With the exception of the pictures, transcribe the entire listing exactly.

▶ [DATA]:
___
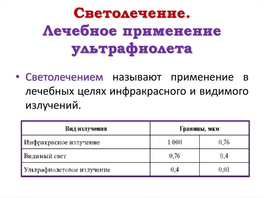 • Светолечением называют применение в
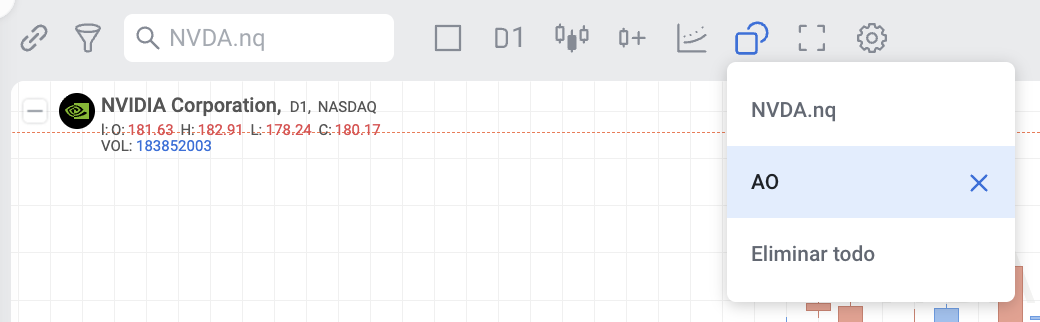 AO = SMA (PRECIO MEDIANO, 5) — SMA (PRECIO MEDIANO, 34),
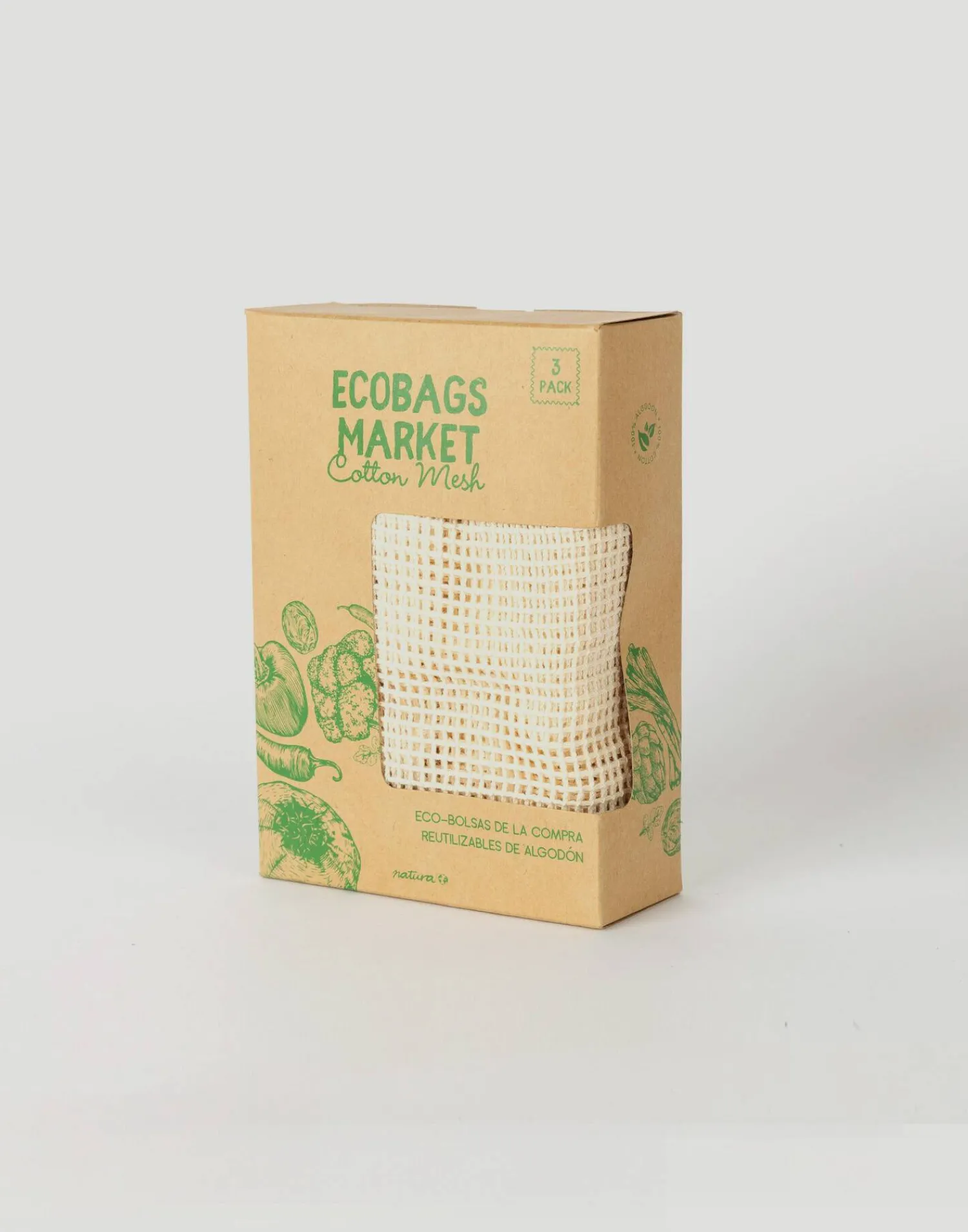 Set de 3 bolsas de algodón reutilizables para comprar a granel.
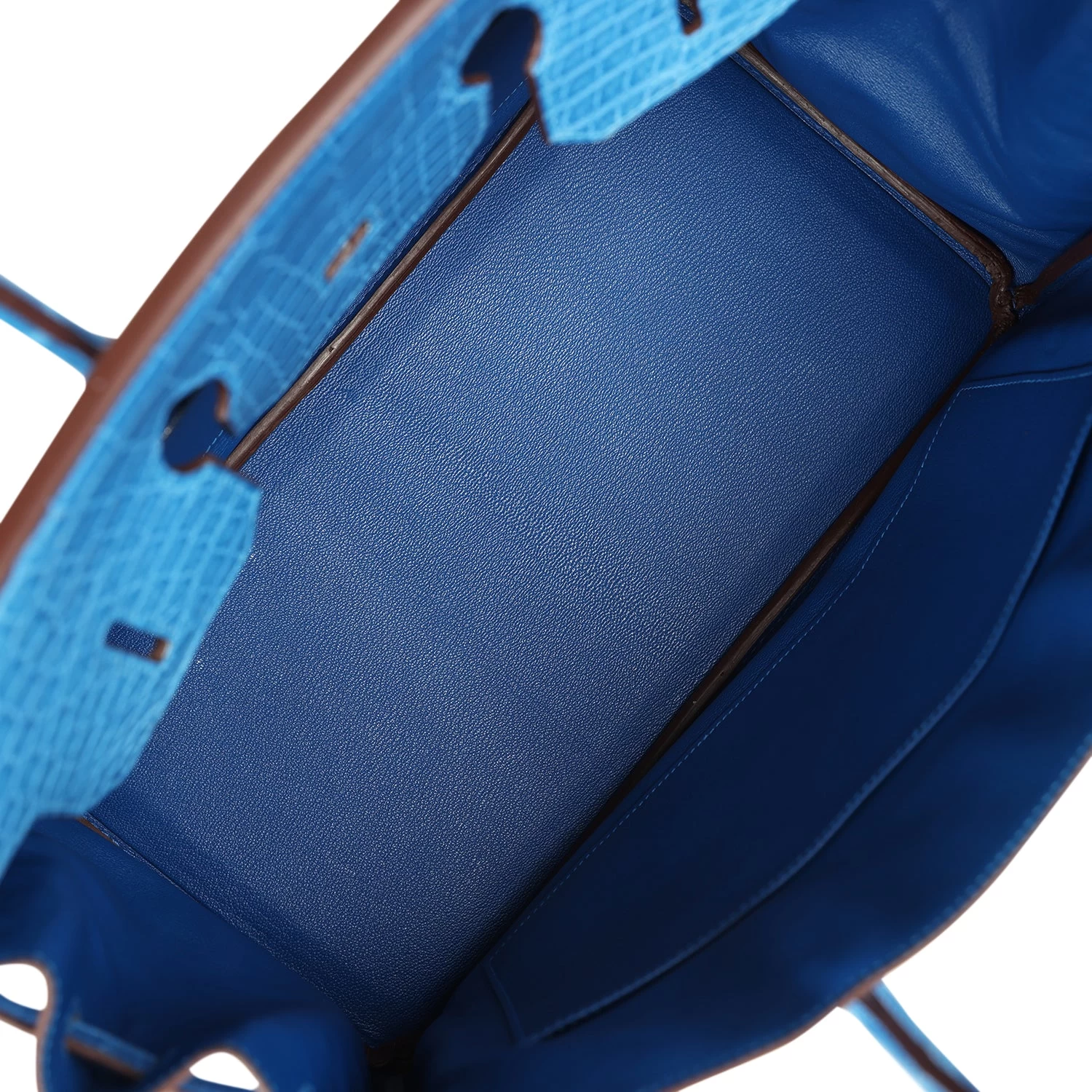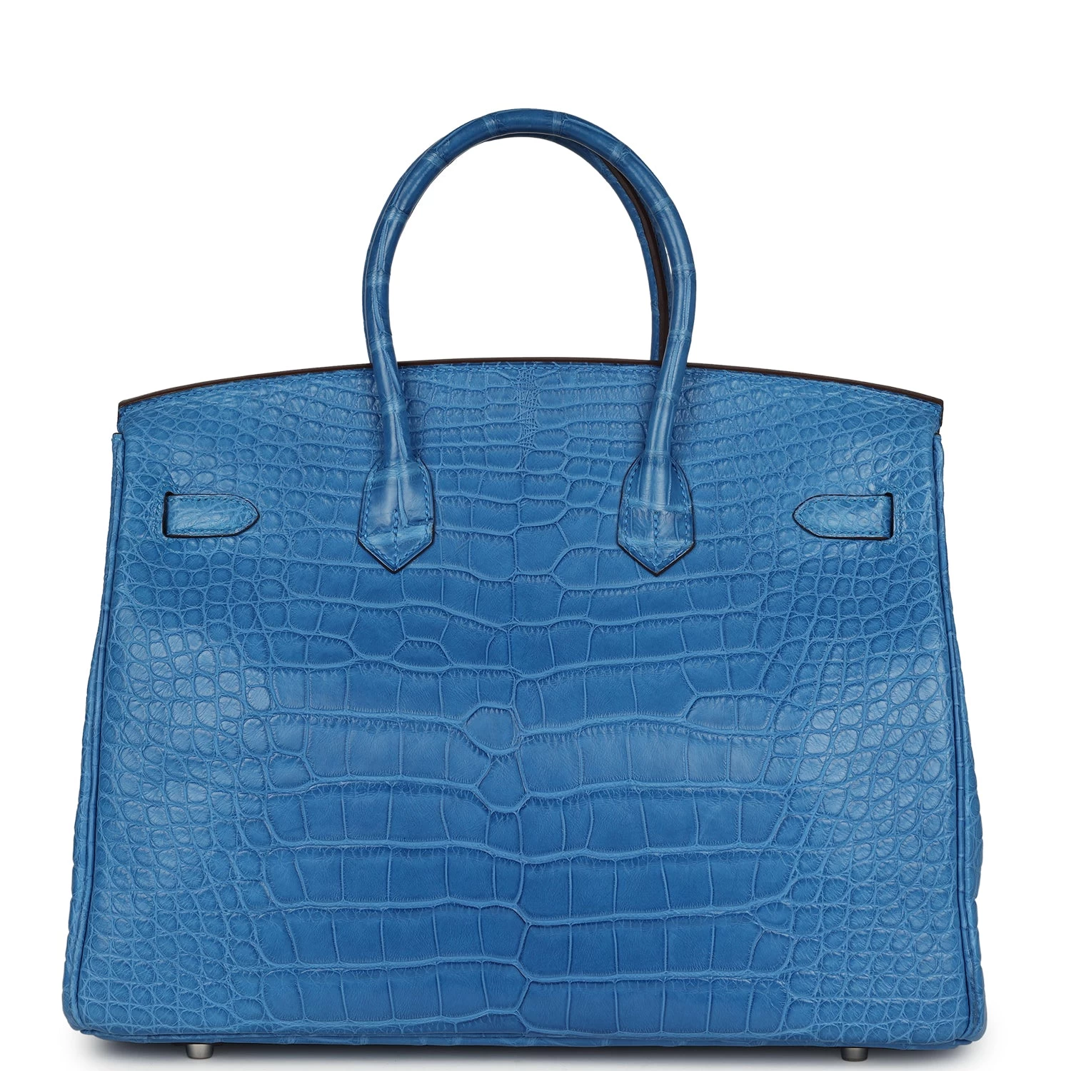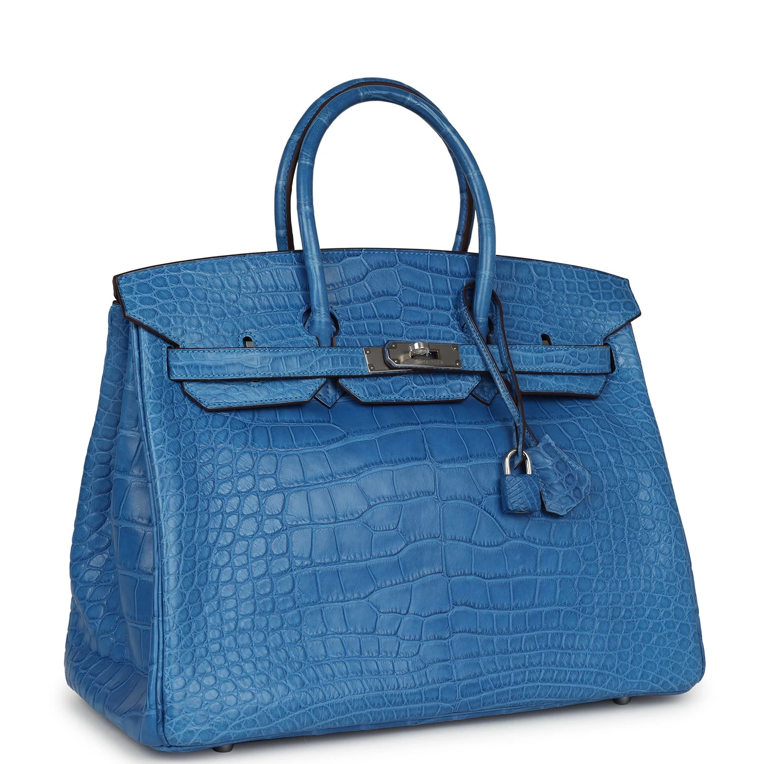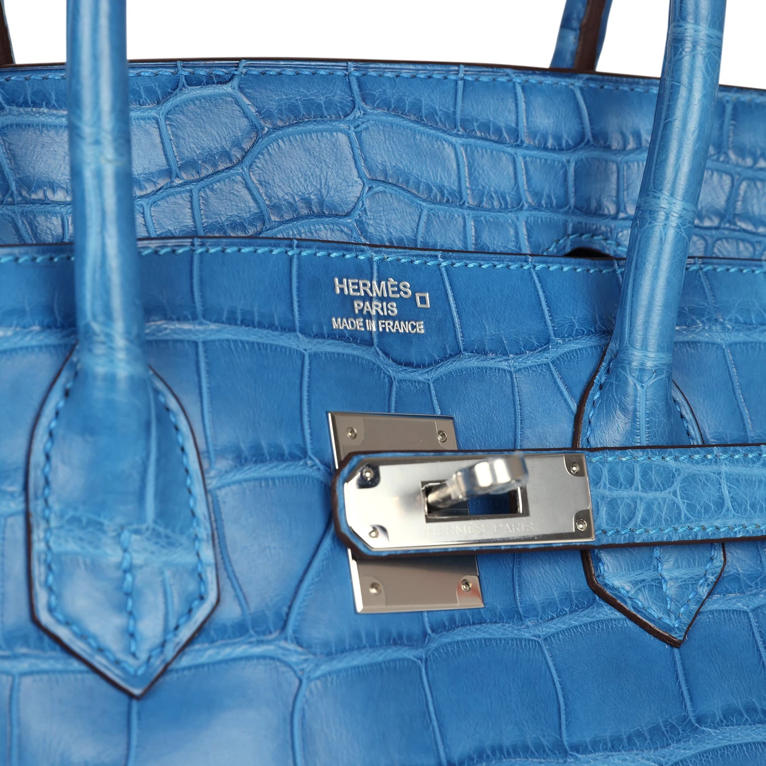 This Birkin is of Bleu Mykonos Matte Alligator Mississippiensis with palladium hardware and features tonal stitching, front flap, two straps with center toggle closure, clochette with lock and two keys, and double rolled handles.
___
▶ [RESPONSE BOX]:
 • Светолечением называют применение в
 AO = SMA (PRECIO MEDIANO, 5) — SMA (PRECIO MEDIANO, 34),
 Set de 3 bolsas de algodón reutilizables para comprar a granel.
 This Birkin is of Bleu Mykonos Matte Alligator Mississippiensis with palladium hardware and features tonal stitching, front flap, two straps with center toggle closure, clochette with lock and two keys, and double rolled handles.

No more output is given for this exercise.